Active regions and the large-scale magnetic field of solar cycle 24

TL;DR

This study investigates how the longitudinal distribution of active regions influences the large-scale magnetic field of solar cycle 24, revealing non-random emergence patterns that reinforce the solar magnetic field.

Contribution

It introduces a method to quantify individual active regions' effects on the solar magnetic field using a surface flux transport model and vector sum analysis.

Findings

Active regions significantly affect the large-scale magnetic field.

Recurrent flux emergence in the southern hemisphere strengthened the magnetic field.
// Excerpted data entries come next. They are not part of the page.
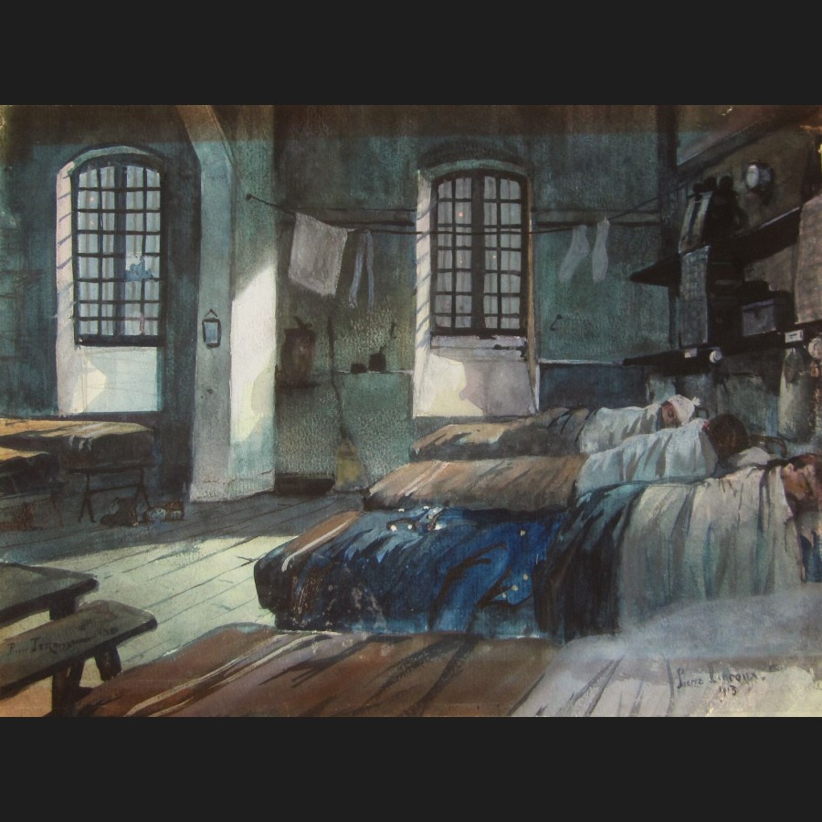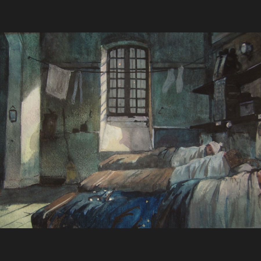 Pierre Albert LEROUX, Le dortoir au clair de lune, aquarelle
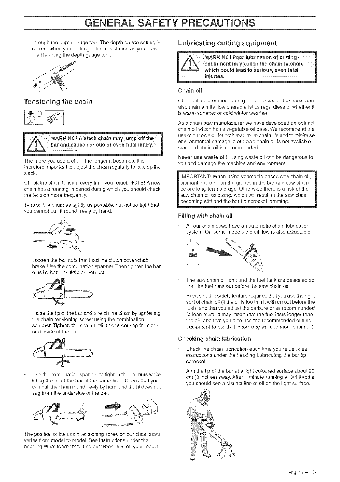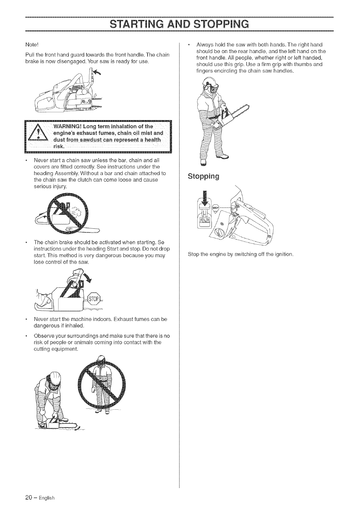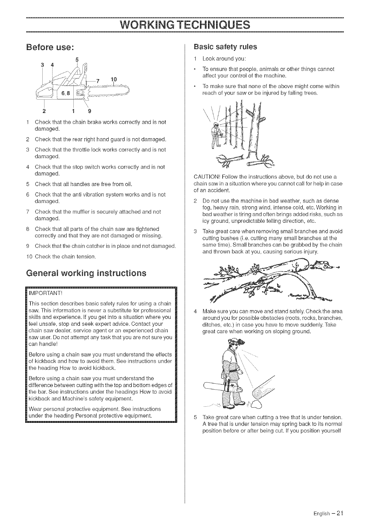 fingers encircling the chain saw handles. A firm grip wi!l help
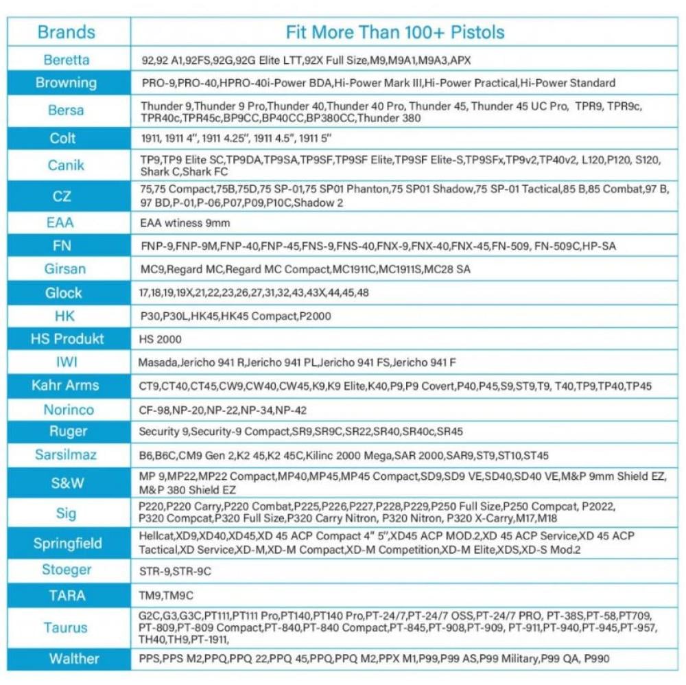 Glock Fits Glock 17 Gen(1,2, 3, 4, 5), Glock 19 Gen(1,2, 3, 4, 5), Glock 19X, Glock 21, 22, 23, 26, 27, 30, 31, 32, 33, 34, 35, 36, 41, 43, 43X, 45.
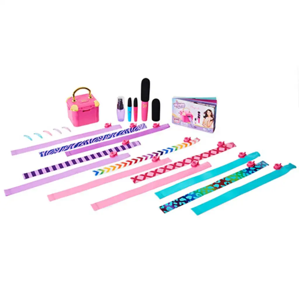 A Cool Maker termékek igen népszerűek a kislányok körében, hiszen elképesztően vagány és csinos dolgokat készíthetnek a segítségükkel. A Hollywood Hair hajstúdió egy olyan készletet rejt magában, aminek a segítségével a lányok igen mutatós szalagokat készíthetnek, amelyeket aztán a hajukba fűzhetnek. A készlet egy praktikus és mutatós kis táskában érkezik, megtalálható benne minden ami a mutatós hajtincsek elkészítéséhez szükséges. Többféle szalag, minták, és persze egy útmutató, ami segíti a gyerekeket a legvagányabb dolgok elkészítésében.
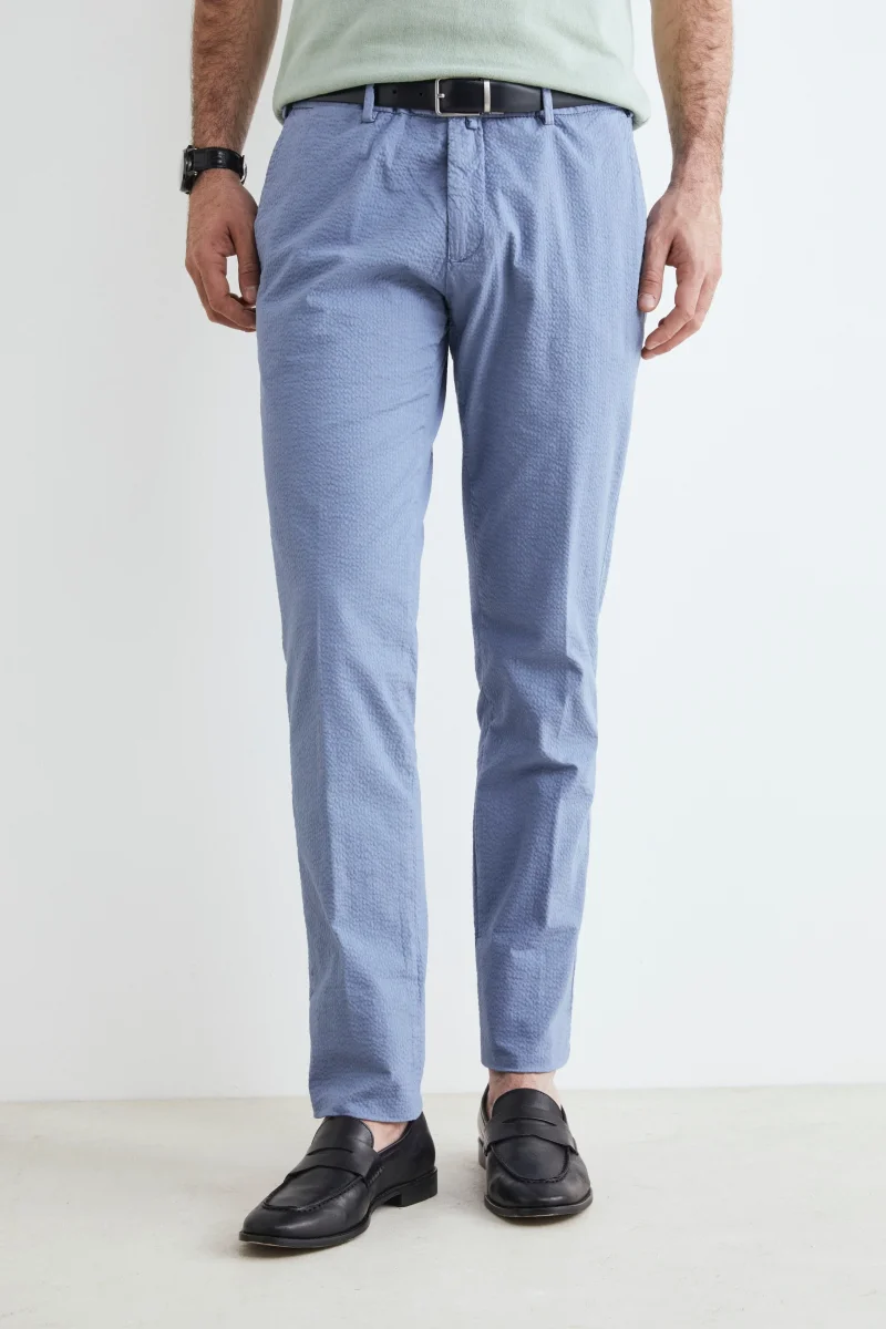 Pantaloni da uomo slim in cotone. Realizzati con tessuti di alta qualitร e una vestibilitร aderente ma confortevole, questi pantaloni sono lโelemento essenziale per un guardaroba versatile. La loro silhouette slim offre un look elegante e raffinato che si adatta perfettamente a ogni occasione. Indossali con una camicia per un look da ufficio, oppure con una maglietta e sneakers per unโuscita informale. Made in Italy.
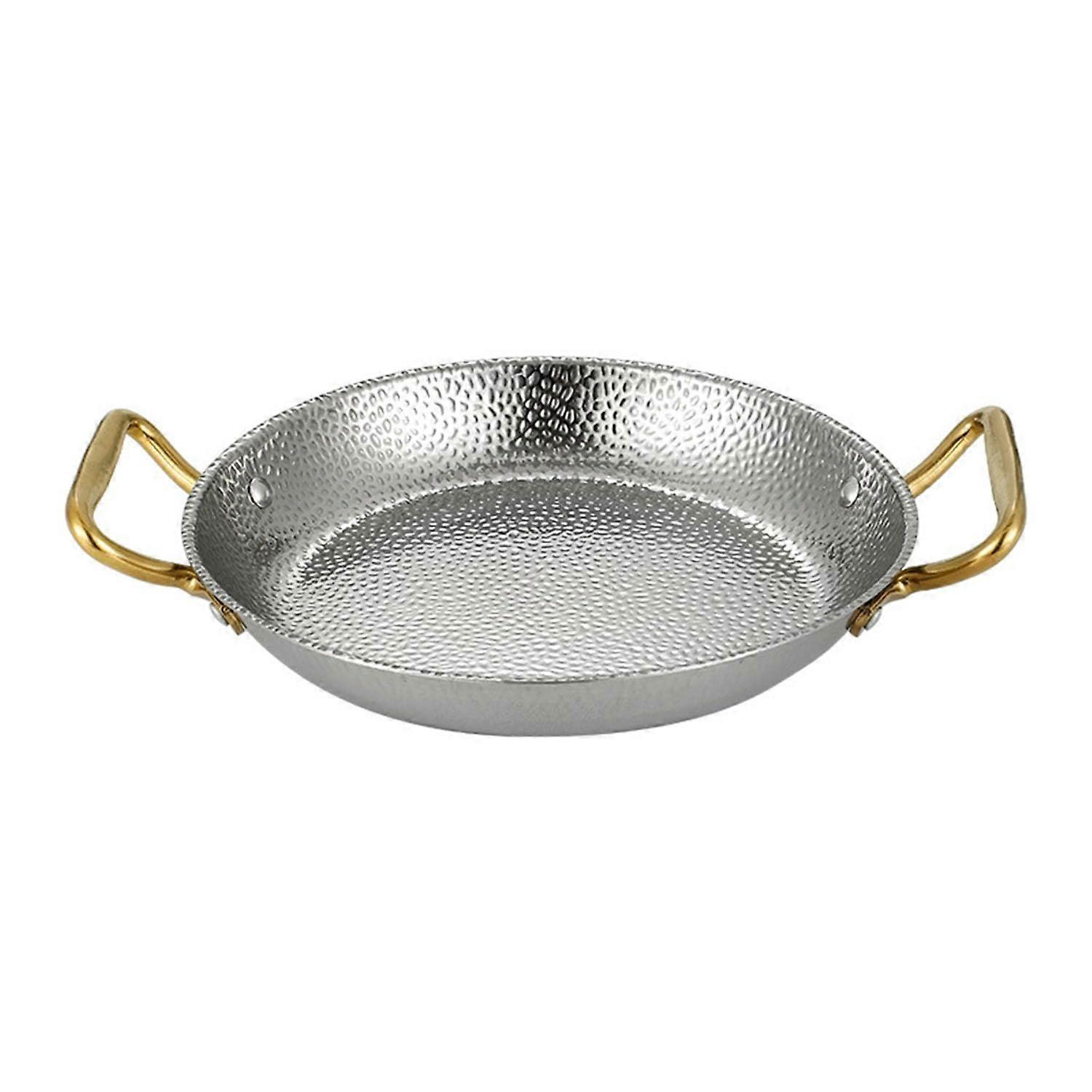 Paella Pan Stainless Steel Nonstick Double Ear Skillet for Home and Restaurant 20cm Silver
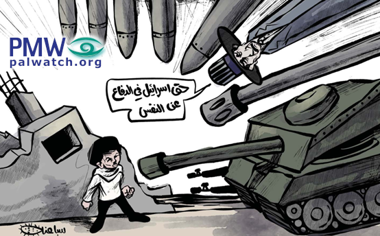 The cartoon shows a Palestinian boy wearing a keffiyeh (Arab headdress) standing in front of rubble. A tank is pointing its cannon at him, and another cannon and five missiles are also pointing at him, as is the head of Uncle Sam, who is presented as one of the weapons while saying: “Israel has the right to self-defense.”
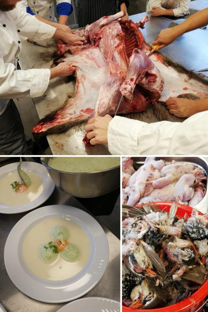 Last but not least sind das klassische Kochen sowie Themen wie Regionalität und Saisonalität von Bedeutung: „Wir möchten den Blick auf das Kochen als ganzheitliche Aufgabe stärken, beispielsweise im Bereich Ressourcenschonung, Nachhaltigkeit, Integration unterschiedlicher Gäste, Abfallvermeidung oder bei Spendenaktionen“, sagt Lore Bankowsky-Pötz über einen der Schwerpunkte ihrer Abteilung. „Ganz aktuell hat beispielsweise ein Kollege, der Jäger ist, mit Koch-Azubis im dritten Ausbildungsjahr ein frisch erlegtes Wildschwein zerlegt und verarbeitet.“ Viel mehr Küchenpraxis geht nicht.
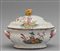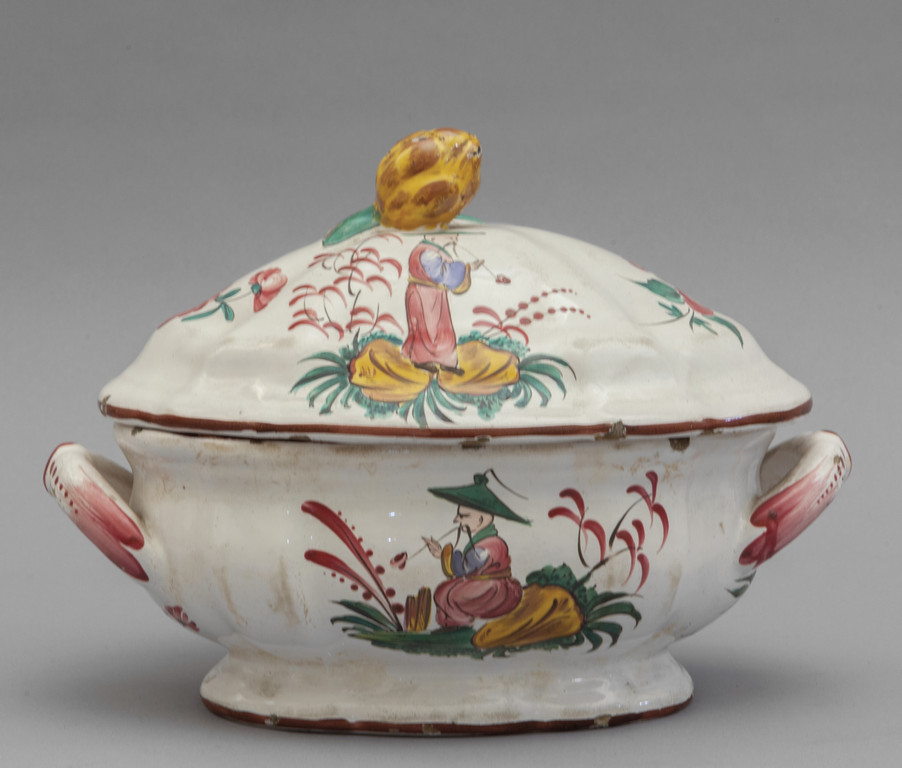 Piccola zuppiera decorata in policromia con cinesini su fondo bianco Francia fine sec.XVIII bollino antichità Wannenes Genova
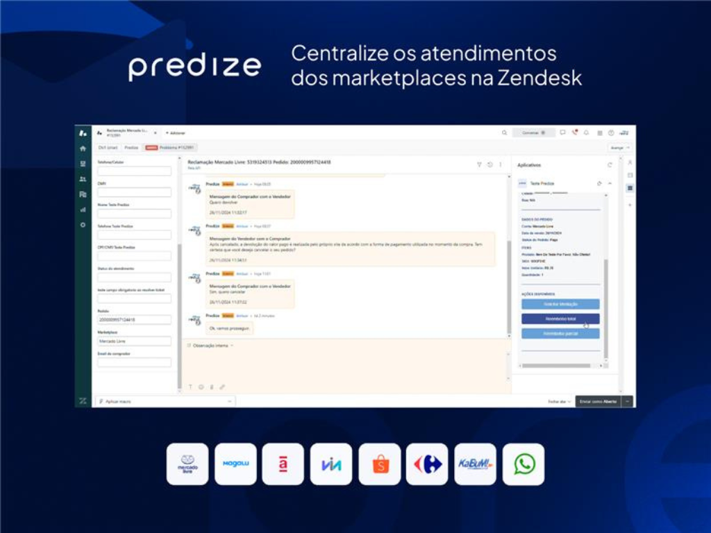 Centralize os tickets na Zendesk automaticamente: Suas mensagens, perguntas e reclamações de 7 marketplaces chegam organizadas, com detalhes completos dos pedidos e publicações. Marketplaces integrados: Mercado Livre, Shopee, Magalu, Americanas, Carrefour, Amazon e Via.
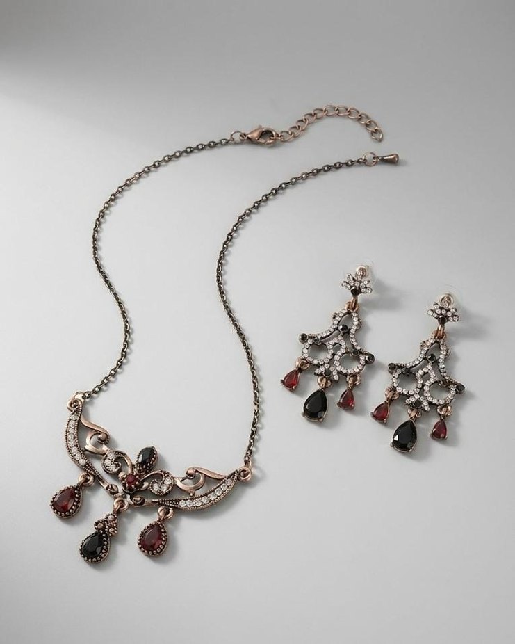 Bazı mücevherler sadece parlamaz, aynı zamanda bir hikaye fısıldar. Bu set, 1940’ların buğulu stüdyo portrelerinden, kristal avizelerin altında edilen danslardan ve yazılmamış aşk mektuplarından ilham alıyor. Bronzun asil ağırlığı, derin kırmızı taşların gizemiyle buluşarak geçmişin zarafetini günümüze taşıyor. Gerdanınızda taşıdığınız sadece bir kolye değil; bir dönemin ruhu, bir kadının zarafet imzası. #LunabelleRose #vintagejewelry #vintagetakı #vintage #takıseti #vintagetakıseti #OtantikTakı #OtantikTakıseti
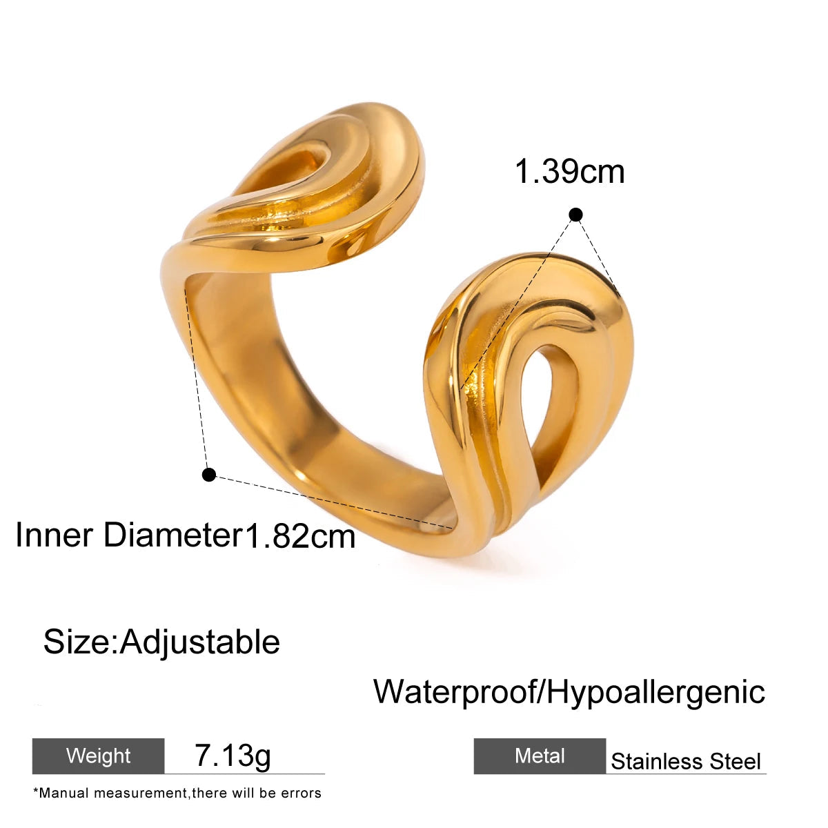 ステンレス304 低ニッケル 水に濡れても錆びにくい 18Kゴールドメッキ リング 【YJ03359】
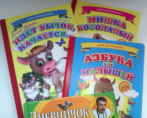 И вот прибыли наши первые приобретения: сказки Пушкина, Чуковского, стихи Барто, и конечно же картонные книжки для самых маленьких, которые интересно не только читать но и жевать, особенно прорезающимися зубами, до которых нам видимо уже недалеко!))

The longitudinal distribution of active regions is non-random, reinforcing the large-scale field.

Abstract

Most of the intracyclic variability in the large-scale solar magnetic field comes from the equatorial dipole component of the solar magnetic field. The equatorial dipole component is highly sensitive to the longitude distribution of the active regions. We quantify the effect of individual active regions on the large-scale solar magnetic field of the solar cycle 24. We study the effect of the longitude distribution of active regions on the strength of the large-scale dipole component. We used a surface flux transport (SFT) model to simulate the evolution of individual active regions and quantified their effect on the large-scale magnetic field using the recently developed vector sum method. We took advantage of the longitudinal translational invariance of the SFT model and compared the observed solar cycle 24 to the 10 000 simulations of the solar cycle 24 using randomized longitudinal source locations, but otherwise identical flux emergence. We find that taking into account both the axial and equatorial components of the vector sum characterizing the global solar magnetic field sets better constraints on the parameter space of the SFT model than, for example, using the axial dipole moment alone as an optimization metric. We studied the maximum of cycle 24 and identified the recurrent and localized flux emergence in the southern hemisphere as the main culprit behind the rapid strengthening of the large-scale magnetic field in late 2014. We find that during the declining phase of the solar cycle, the strength of the large-scale magnetic field stayed above the median level of randomized simulations (p < 0.027) for 42 subsequent. This indicates that the longitudinal distribution of active regions is not random and, rather, that it demonstrates a tendency for some regions to emerge at longitudes where their equatorial components reinforce the large-scale equatorial field.